Task details>
Each entry in the material below should be copied without any alteration.

Record set>

════════════════════

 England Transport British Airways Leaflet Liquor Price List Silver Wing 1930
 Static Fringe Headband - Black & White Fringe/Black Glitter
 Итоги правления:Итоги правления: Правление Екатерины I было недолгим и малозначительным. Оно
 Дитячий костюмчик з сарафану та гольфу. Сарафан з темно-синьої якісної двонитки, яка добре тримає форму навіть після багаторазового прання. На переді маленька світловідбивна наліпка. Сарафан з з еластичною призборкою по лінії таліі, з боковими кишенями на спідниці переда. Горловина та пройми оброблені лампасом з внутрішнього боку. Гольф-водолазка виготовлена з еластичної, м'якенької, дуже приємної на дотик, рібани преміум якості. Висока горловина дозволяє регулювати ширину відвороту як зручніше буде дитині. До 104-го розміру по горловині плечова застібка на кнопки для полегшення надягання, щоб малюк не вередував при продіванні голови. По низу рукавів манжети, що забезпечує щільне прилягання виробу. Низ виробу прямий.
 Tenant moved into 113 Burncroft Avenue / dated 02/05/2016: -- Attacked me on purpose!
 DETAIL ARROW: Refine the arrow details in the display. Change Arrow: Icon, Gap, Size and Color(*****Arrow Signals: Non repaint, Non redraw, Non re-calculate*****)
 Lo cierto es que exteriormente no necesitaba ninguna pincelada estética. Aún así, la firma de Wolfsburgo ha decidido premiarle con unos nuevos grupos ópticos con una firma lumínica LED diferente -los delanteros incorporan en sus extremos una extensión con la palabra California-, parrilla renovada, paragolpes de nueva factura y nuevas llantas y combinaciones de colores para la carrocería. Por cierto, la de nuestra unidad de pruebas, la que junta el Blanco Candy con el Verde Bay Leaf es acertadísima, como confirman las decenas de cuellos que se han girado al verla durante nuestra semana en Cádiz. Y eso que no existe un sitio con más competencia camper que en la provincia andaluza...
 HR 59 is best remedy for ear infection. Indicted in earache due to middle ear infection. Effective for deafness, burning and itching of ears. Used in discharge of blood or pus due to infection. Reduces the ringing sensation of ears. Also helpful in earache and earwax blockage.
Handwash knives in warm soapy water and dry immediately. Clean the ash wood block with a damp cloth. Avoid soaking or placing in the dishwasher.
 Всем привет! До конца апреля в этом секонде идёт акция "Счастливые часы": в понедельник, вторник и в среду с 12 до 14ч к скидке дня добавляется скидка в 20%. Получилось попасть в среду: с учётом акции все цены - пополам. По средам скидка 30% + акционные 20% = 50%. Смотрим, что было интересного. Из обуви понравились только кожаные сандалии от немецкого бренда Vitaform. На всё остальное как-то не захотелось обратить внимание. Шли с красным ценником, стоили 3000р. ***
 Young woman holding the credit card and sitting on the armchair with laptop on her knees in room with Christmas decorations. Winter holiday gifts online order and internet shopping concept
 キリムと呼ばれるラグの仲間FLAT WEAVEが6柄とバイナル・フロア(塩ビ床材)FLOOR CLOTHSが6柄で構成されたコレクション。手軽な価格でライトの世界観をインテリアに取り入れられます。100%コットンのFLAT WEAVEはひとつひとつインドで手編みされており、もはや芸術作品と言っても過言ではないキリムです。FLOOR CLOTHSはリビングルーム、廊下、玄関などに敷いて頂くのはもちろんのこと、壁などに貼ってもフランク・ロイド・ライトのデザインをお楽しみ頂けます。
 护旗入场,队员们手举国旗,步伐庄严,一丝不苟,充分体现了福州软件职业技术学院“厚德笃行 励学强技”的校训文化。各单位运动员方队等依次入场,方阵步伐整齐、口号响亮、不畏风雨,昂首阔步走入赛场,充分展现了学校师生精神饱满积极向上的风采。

════════════════════

Reply to the task>
 England Transport British Airways Leaflet Liquor Price List Silver Wing 1930
 Static Fringe Headband - Black & White Fringe/Black Glitter
 Итоги правления:Итоги правления: Правление Екатерины I было недолгим и малозначительным. Оно
 Дитячий костюмчик з сарафану та гольфу. Сарафан з темно-синьої якісної двонитки, яка добре тримає форму навіть після багаторазового прання. На переді маленька світловідбивна наліпка. Сарафан з з еластичною призборкою по лінії таліі, з боковими кишенями на спідниці переда. Горловина та пройми оброблені лампасом з внутрішнього боку. Гольф-водолазка виготовлена з еластичної, м'якенької, дуже приємної на дотик, рібани преміум якості. Висока горловина дозволяє регулювати ширину відвороту як зручніше буде дитині. До 104-го розміру по горловині плечова застібка на кнопки для полегшення надягання, щоб малюк не вередував при продіванні голови. По низу рукавів манжети, що забезпечує щільне прилягання виробу. Низ виробу прямий.
 Tenant moved into 113 Burncroft Avenue / dated 02/05/2016: -- Attacked me on purpose!
 DETAIL ARROW: Refine the arrow details in the display. Change Arrow: Icon, Gap, Size and Color(*****Arrow Signals: Non repaint, Non redraw, Non re-calculate*****)
 Lo cierto es que exteriormente no necesitaba ninguna pincelada estética. Aún así, la firma de Wolfsburgo ha decidido premiarle con unos nuevos grupos ópticos con una firma lumínica LED diferente -los delanteros incorporan en sus extremos una extensión con la palabra California-, parrilla renovada, paragolpes de nueva factura y nuevas llantas y combinaciones de colores para la carrocería. Por cierto, la de nuestra unidad de pruebas, la que junta el Blanco Candy con el Verde Bay Leaf es acertadísima, como confirman las decenas de cuellos que se han girado al verla durante nuestra semana en Cádiz. Y eso que no existe un sitio con más competencia camper que en la provincia andaluza...
 HR 59 is best remedy for ear infection. Indicted in earache due to middle ear infection. Effective for deafness, burning and itching of ears. Used in discharge of blood or pus due to infection. Reduces the ringing sensation of ears. Also helpful in earache and earwax blockage.
Handwash knives in warm soapy water and dry immediately. Clean the ash wood block with a damp cloth. Avoid soaking or placing in the dishwasher.
 Всем привет! До конца апреля в этом секонде идёт акция "Счастливые часы": в понедельник, вторник и в среду с 12 до 14ч к скидке дня добавляется скидка в 20%. Получилось попасть в среду: с учётом акции все цены - пополам. По средам скидка 30% + акционные 20% = 50%. Смотрим, что было интересного. Из обуви понравились только кожаные сандалии от немецкого бренда Vitaform. На всё остальное как-то не захотелось обратить внимание. Шли с красным ценником, стоили 3000р. ***
 Young woman holding the credit card and sitting on the armchair with laptop on her knees in room with Christmas decorations. Winter holiday gifts online order and internet shopping concept
 キリムと呼ばれるラグの仲間FLAT WEAVEが6柄とバイナル・フロア(塩ビ床材)FLOOR CLOTHSが6柄で構成されたコレクション。手軽な価格でライトの世界観をインテリアに取り入れられます。100%コットンのFLAT WEAVEはひとつひとつインドで手編みされており、もはや芸術作品と言っても過言ではないキリムです。FLOOR CLOTHSはリビングルーム、廊下、玄関などに敷いて頂くのはもちろんのこと、壁などに貼ってもフランク・ロイド・ライトのデザインをお楽しみ頂けます。
 护旗入场,队员们手举国旗,步伐庄严,一丝不苟,充分体现了福州软件职业技术学院“厚德笃行 励学强技”的校训文化。各单位运动员方队等依次入场,方阵步伐整齐、口号响亮、不畏风雨,昂首阔步走入赛场,充分展现了学校师生精神饱满积极向上的风采。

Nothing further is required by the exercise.